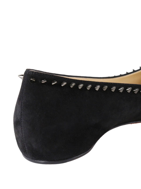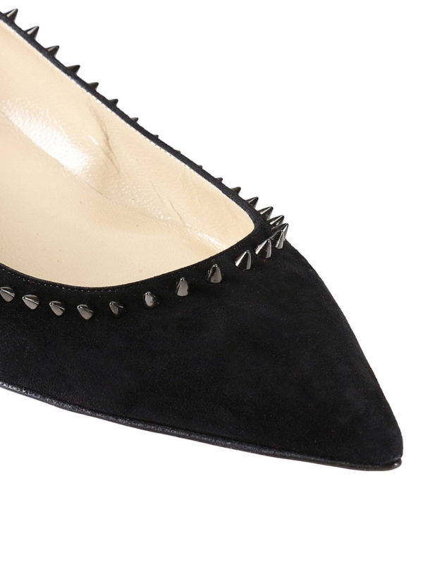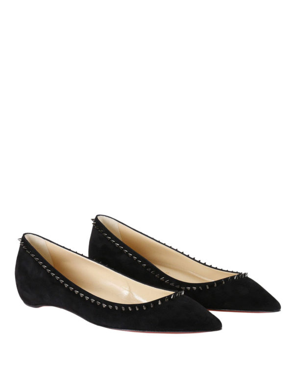 An ideal shoe for casual, elegant style, the Anjalina flat has pretty feminine lines with a pointed toe and a classic slender vamp. A summer essential, this model is crafted in ultra-soft veau velours in all-over black. A row of evenly spaced signature Maison Christian Louboutin gunmetal spikes outlines the vamp and heel. An audacious twist on a timeless flat.
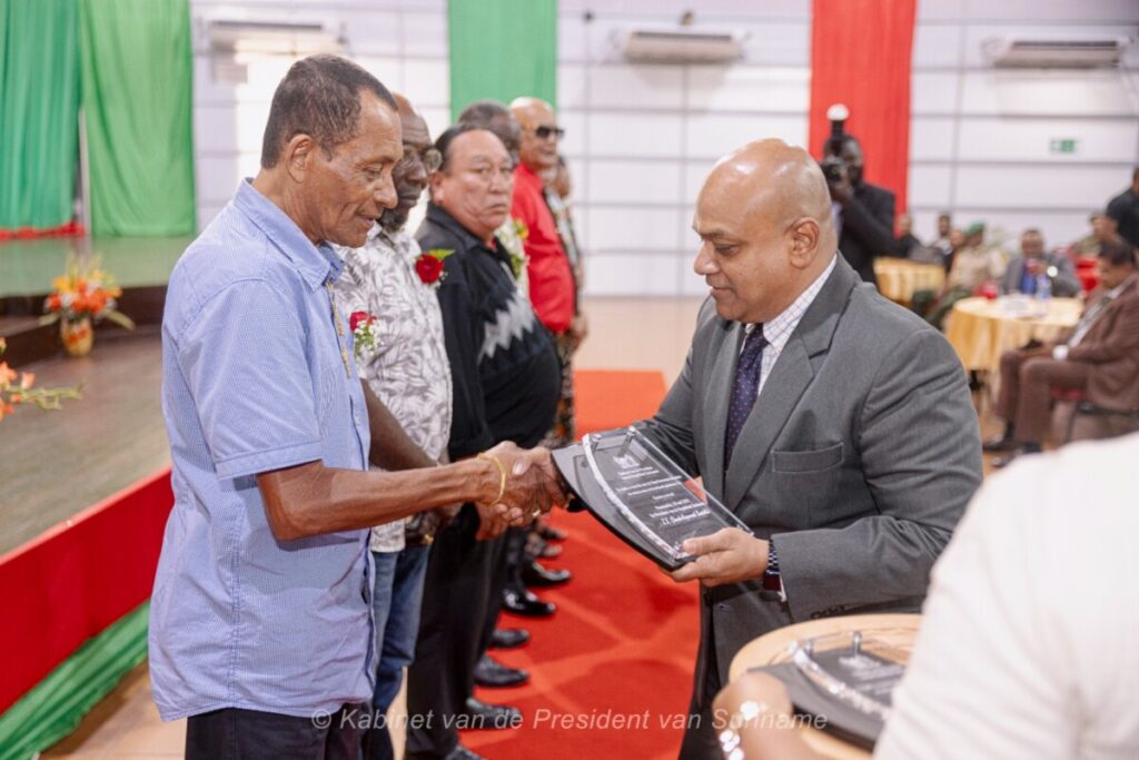 President Chandrikapersad Santokhi sprak de aanwezigen toe en benadrukte het belang van erkenning. “Misschien leeft nog steeds het gevoel dat u ongemerkt bent voorbijgegaan in al die momenten waarop u kracht heeft gegeven aan land, volk en kabinet. Vandaag is een moment van grantangi”, zei hij.
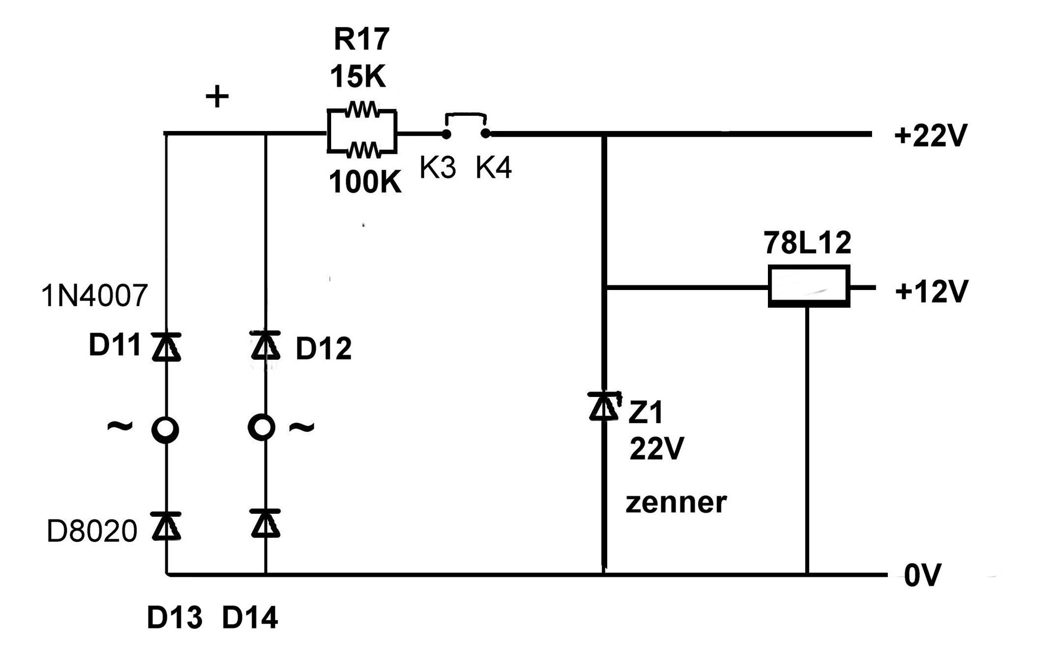 starting with Z1 the 22V zenner and the 78L12 regulator IC
+---+
◆ TASK TO COMPLETE ◆
Pictures stay out; everything else in the listing above gets restated word for word.

◆ RESULT FOR THIS EXERCISE ◆
 An ideal shoe for casual, elegant style, the Anjalina flat has pretty feminine lines with a pointed toe and a classic slender vamp. A summer essential, this model is crafted in ultra-soft veau velours in all-over black. A row of evenly spaced signature Maison Christian Louboutin gunmetal spikes outlines the vamp and heel. An audacious twist on a timeless flat.
 President Chandrikapersad Santokhi sprak de aanwezigen toe en benadrukte het belang van erkenning. “Misschien leeft nog steeds het gevoel dat u ongemerkt bent voorbijgegaan in al die momenten waarop u kracht heeft gegeven aan land, volk en kabinet. Vandaag is een moment van grantangi”, zei hij.
 starting with Z1 the 22V zenner and the 78L12 regulator IC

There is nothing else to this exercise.